- Developers: Pierre Corbinais The Pixel Hunt
- Publisher: ARTE France
- Platforms: Windows, Mac
- Release: 25 March 2025
- Genre: Adventure
- Mode: Single-player

= Wednesdays (video game) =

2025 video game

Wednesdays is a 2025 video game developed by Pierre Corbinais and The Pixel Hunt, and published by ARTE France for Microsoft Windows and Macintosh. The game is an interactive adventure video game that explores the memories of Timothée, a character who experienced incest and sexual abuse as a child. Upon release, Wednesdays received praise for its handling of its themes, it was nominated for a Nuovo Award and Excellence in Narrative Award at the 2026 Independent Games Festival and won the Audience Award. It also won the Aware Game Awards at BLON 2026.

== Gameplay ==

Player interaction with Orca Park, a fictional management simulation video game, reveals the memories of the game's protagonist.

The game is played in two modes: as an adventure game with interactive narrative sequences, and as a management game in the fictional game Orco Park. In Orco Park, players control the protagonist's character as if he were playing the game, with the construction of attractions and rides in the park triggering seventeen narrative sequences. Players are able to skip scenes of the game at any time through the pause menu.

== Plot ==

Timothée, a man who experienced sexual abuse as a child, plays Orco Park, a computer game from his childhood that he has not played in over twenty years. As Timothée completes elements of the park, memories of various events are revealed through the perspective of Timothée's friends, family, teacher and girlfriend, representing turning points in his life.

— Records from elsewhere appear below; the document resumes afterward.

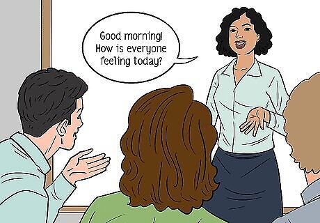 Listen, talk, and observe to find out what your students enjoy. You might consider starting each class with a few minutes of friendly conversation. Ask your students how they’re doing, if they have any fun plans for the weekend, or what they have been up to since you last met. This can help to develop a rapport with your students that will keep them engaged with your course. For example, you might begin class by saying, “Hi everyone. How was your weekend?” or “Good morning! How is everyone feeling today?” You can also follow up with students by asking about something they shared with you in the previous class. For example, you might say, “Bobby, how was your brother’s wedding?” or “Did you get to go to the beach this weekend like you wanted to, Sharon?” Tip: It’s fine to joke around with your students now and then, too. Keep your tone light-hearted and friendly when you teach lessons and look for occasional opportunities to engage your students in a humorous way.
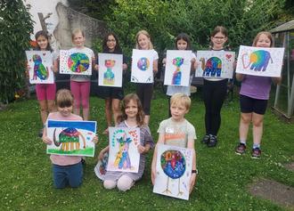 Bei dem 2. Malkurs ging es bei den 8 bis 12 jährigen Künstlern und Künstlerinnen um „Happy Painting“. Lustige Bilder sollten entstehen. Die Kinder haben entweder mit Wasserfarben oder Acrylfarbe das Papier eingefärbt oder Kringel gemalt. Zum Einsatz kamen Aquarell-, Farb-, Acryl-, Filz-, Ölstifte oder Fineliner, aber auch mit Farbe und Pinsel konnte gearbeitet werden. Alle konnten sich künstlerisch austoben und sich nach Lust und Laune kreativ ausprobieren. Die vielfältigsten Bilder von der Katze bis zum Einhorn werden in der nächsten Zeit die Kinderzimmer schmücken.
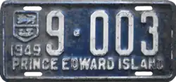 1949 | Embossed white serial on blue plate with border line; "PRINCE EDWARD ISLAND" at bottom; provincial shield and "1949" at left | none | 1-234 | 1-001 to approximately 9-999 | |
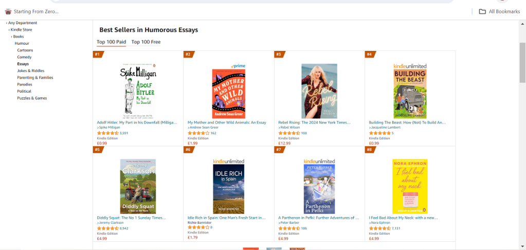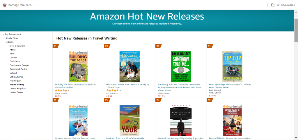 I am thrilled to say that last time I looked, it was #1 in Amazon’s Hot New Releases in Travel Writing and was ahead of Jeremy Clarkson but behind Spike Milligan in Humorous Essays.
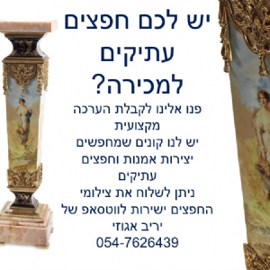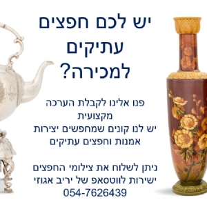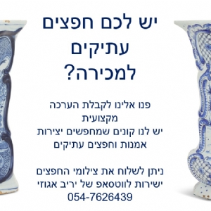 לייעוץ ללא עלות התקשרו עכשיו. מעריכים מוכרים וקונים אמנות ועתיקות תכול
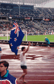 Neuseeland-Fahne - rennt ne Ehrenrunde - und gibt sie in der gegenüberliegenden
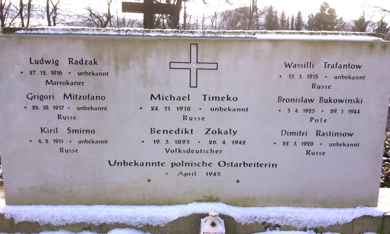 - 1 unbekannte polnische Zwangsarbeiterin, verstorben 1945 sowie

== Development and release ==

Development of Wednesdays developed by The Pixel Hunt, a seven-person team in collaboration with ARTE France, including French lead writer and designer Pierre Corbinais, who had previously written Bury Me, My Love. Corbinais stated that the aim of the game was to raise awareness of incest. The game was developed by Christophe Galati, the developer of Save me Mr Tako. The visuals of Wednesdays were created by artists Exaheva, who made the game's illustrations, and Nico Nowak, who designed the pixel art for Orco Park. The game was released on 26 March 2025.

== Reception ==

Wednesdays received generally favorable reviews from critics, according to the review aggregation website Metacritic. Several critics considered the subject matter of Wednesdays important and impactful, with Adventure Gamers stating the game was a "unique and meaningful experience" that featured a "powerful narrative". Finding the game emotionally and personally resonant, Charlie Kelly of Checkpoint Gaming praised its "artful" and "delicate" representation of CPTSD, stating it "emphasises the importance of the power that can come in finding your voice and leaning in on others. Kelly commended the game's use of content warnings and similar features to accommodate players. Similarly, Shaun Cichacki of Vice complimented the "natural, mature, and respectful manner" of the game's narrative, and its evocation of these themes with "color and humour" and "stunning" visuals. Cosmin Vasile of Softpedia wrote that the game was "well-written" in its exploration of a difficult subject, highlighting its positive focus on "healing and what the future has to offer...without giving into despair", although considered its gameplay was limited.

Aggregate score
| Aggregator | Score |
|---|---|
| Metacritic | 89/100 |

=== Accolades ===

Wednesdays was nominated for several awards at the 2026 Independent Games Festival, including the Nuovo Award and the Excellence in Narrative Award.